• [Task objective]:
Leave the pictures in the listing below aside and reproduce exactly the lines starting with the one with "Dさんは、親戚の紹介で「地元" and going on through the one with "On a recent", both ends included.

• [Dataset entries]:
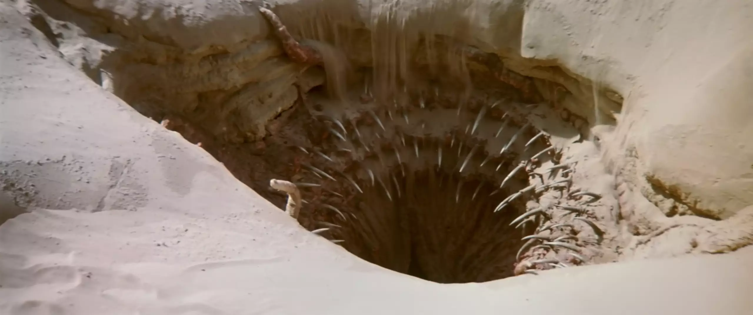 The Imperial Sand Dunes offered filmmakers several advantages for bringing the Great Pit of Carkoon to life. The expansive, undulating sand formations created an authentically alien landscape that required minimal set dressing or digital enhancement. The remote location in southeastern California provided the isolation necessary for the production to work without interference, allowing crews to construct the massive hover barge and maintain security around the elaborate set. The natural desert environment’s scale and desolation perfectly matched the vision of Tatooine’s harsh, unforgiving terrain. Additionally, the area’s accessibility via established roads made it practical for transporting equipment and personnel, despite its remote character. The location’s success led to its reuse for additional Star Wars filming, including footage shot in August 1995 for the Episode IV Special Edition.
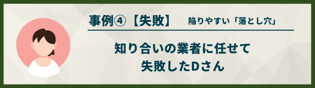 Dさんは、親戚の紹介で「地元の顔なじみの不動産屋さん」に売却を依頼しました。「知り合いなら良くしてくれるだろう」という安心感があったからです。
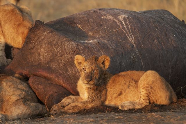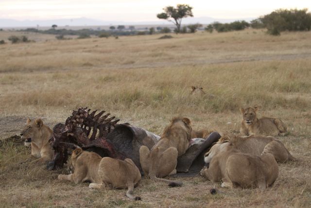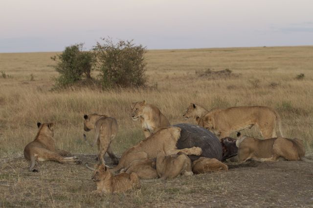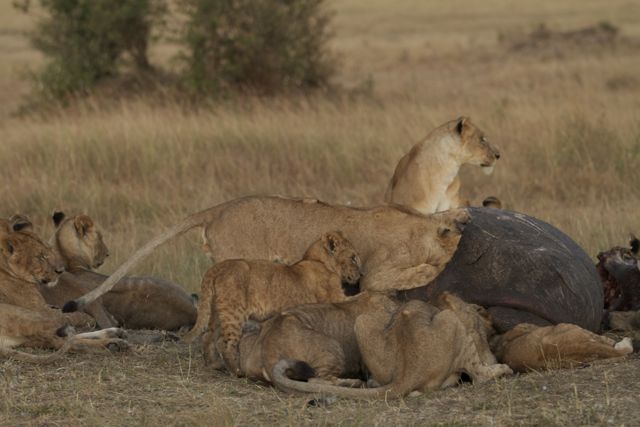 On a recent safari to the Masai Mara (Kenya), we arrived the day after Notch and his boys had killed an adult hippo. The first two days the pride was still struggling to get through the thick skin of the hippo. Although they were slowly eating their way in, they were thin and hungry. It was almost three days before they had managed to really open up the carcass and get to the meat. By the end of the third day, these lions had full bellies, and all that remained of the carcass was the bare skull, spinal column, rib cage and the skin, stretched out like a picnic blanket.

...

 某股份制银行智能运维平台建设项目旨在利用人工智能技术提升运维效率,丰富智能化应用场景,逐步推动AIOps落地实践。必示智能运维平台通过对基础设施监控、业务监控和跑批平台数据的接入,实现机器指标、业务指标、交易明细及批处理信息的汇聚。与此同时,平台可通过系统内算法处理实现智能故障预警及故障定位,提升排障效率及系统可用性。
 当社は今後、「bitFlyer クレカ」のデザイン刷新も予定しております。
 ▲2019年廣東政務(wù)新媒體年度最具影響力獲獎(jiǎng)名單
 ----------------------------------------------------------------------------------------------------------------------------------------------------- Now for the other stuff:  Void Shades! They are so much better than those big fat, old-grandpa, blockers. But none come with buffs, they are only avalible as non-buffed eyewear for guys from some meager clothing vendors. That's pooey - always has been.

• [Expected output]:
 Dさんは、親戚の紹介で「地元の顔なじみの不動産屋さん」に売却を依頼しました。「知り合いなら良くしてくれるだろう」という安心感があったからです。
 On a recent safari to the Masai Mara (Kenya), we arrived the day after Notch and his boys had killed an adult hippo. The first two days the pride was still struggling to get through the thick skin of the hippo. Although they were slowly eating their way in, they were thin and hungry. It was almost three days before they had managed to really open up the carcass and get to the meat. By the end of the third day, these lions had full bellies, and all that remained of the carcass was the bare skull, spinal column, rib cage and the skin, stretched out like a picnic blanket.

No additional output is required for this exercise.